# KTM 9 Water Based Lacquer



## Lab123 (May 27, 2007)

Has anyone used KTM 9 Water Based Lacquer?..I have always used French Polish but was never happy with the way it was easily scratched or damaged with sweat...I bought a can of this stuff to give it a try..I am using an old French Polished guitar to try it on....I just lightly sanded the surface and started to apply KTM9....(May be a mistake...Don't really know if it will stick or not)...Seems to go on nicely using a foam roller and using a foam brush to take out the bubbles..6 coats.Sanded it back with 400 grit wet dry sandpaper...Looks good so far...Waiting for some very fine sand papers to arrive before I can finish sanding...
Does anyone use a guitar with this finish? If so how is it holding up to scratches and sweat?...Any info would be a big help ..Thanks,Larry


----------



## n.milburn (Apr 5, 2011)

Larry, I'm not sure why you would sand the finish. I'd think about using alcohol to rub off the present shellac (French polish). But, there are many ways to skin a cat. I would think you'd want to remove most of the shellac in order to avoid having too thick a finish on the instrument. I am considering using the KTM 9 product on a present instrument, but unfortunately don't have much information to share, other than the fact that it is apparently able to adhere well to shellac (if used as a seal-coat).

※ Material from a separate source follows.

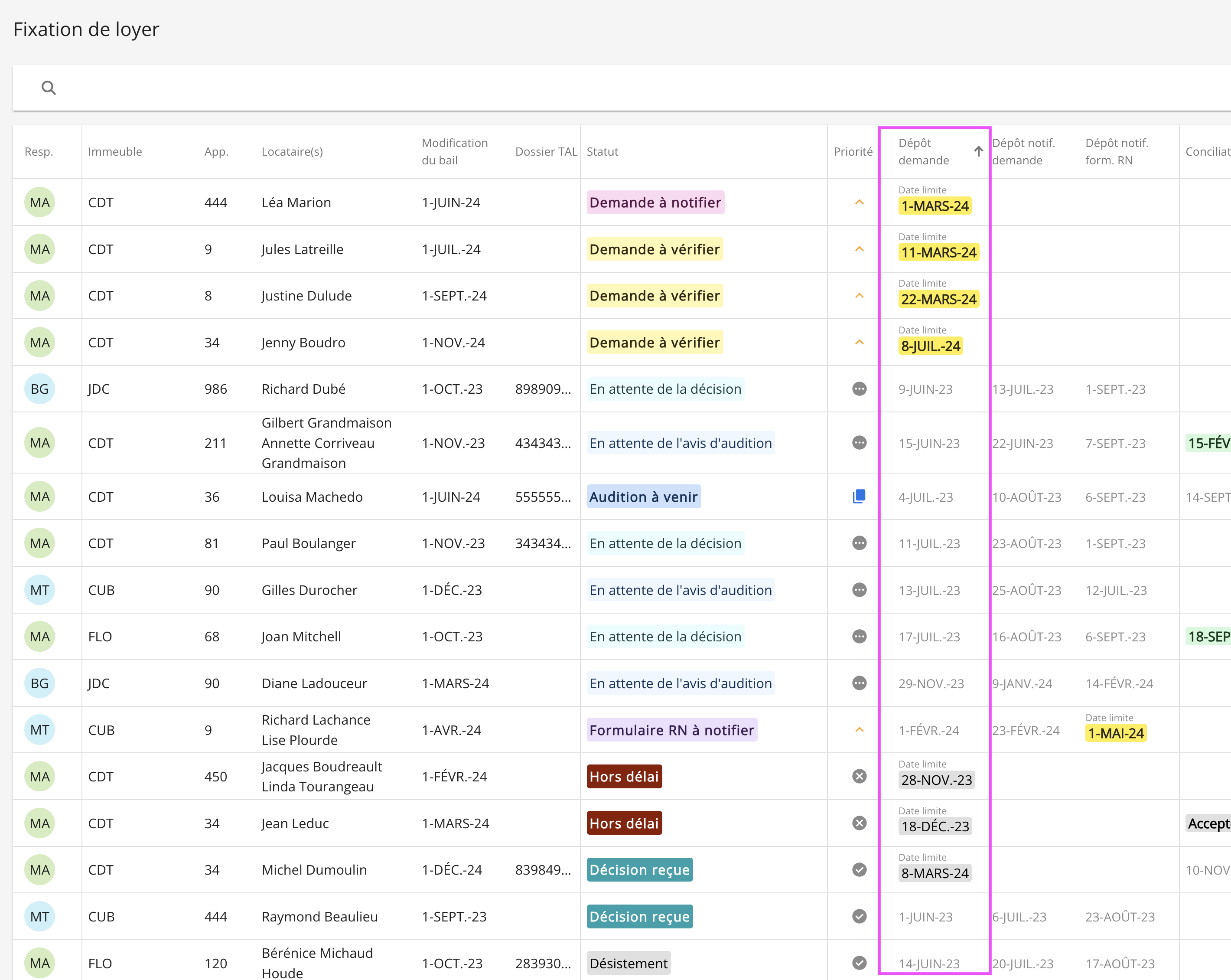 Autant dans le tableau de fixation de loyer que dans celui des autres types de litiges, lorsqu’un tri est appliqué à une colonne qui comprend des dates limites (Dépôt demande, Dépôt notif. demande, Dépôt notif. form. RN), le tri est désormais effectué par priorité.

There is a Canadian product that seems pretty similar. Saman waterbased varnish. A quick websearch will lead you to their website. The high gloss version would be the one to look for. I'm going to be testing some wood with this in the very near future, so I'll try to remember to post results.

Cheers!

Ned.


----------



## Lab123 (May 27, 2007)

Hi Ned...Thanks for the reply..I lightly sanded with 1000 wet dry sandpaper..Just to get rid of any surface grit...I did use alcohol to clean afterwards...My guitars are bolt on necks ...I removed the neck and completely sanded it back to bare wood...The body still has the Shellac undercoating...This stuff seems to cover very nicely...Going to let it cure for about a Month before I give it a final leveling and buffing...I will post the results....Larry


----------



## dradlin (Feb 27, 2010)

Shellac is generally a good base for various top coats - it sticks to lots and lots sticks to it. I have no experience with the KTM product, but use shellac under Target water based EM6000 successfully.


----------



## Lab123 (May 27, 2007)

I 've been looking at Stu-Macs "Target Emtech-7000 HBC"....Just might give this one a try also...Did you buy the EM 6000 here in Canada?


----------



## dradlin (Feb 27, 2010)

You can buy Target products in Canada from woodessence.com


----------



## Lab123 (May 27, 2007)

Thanks for the link...I ordered some from them...Jeff E-mailed me back..He said this stuff could possibly be brushed on but spraying is the best option...Worth a try both ways..


----------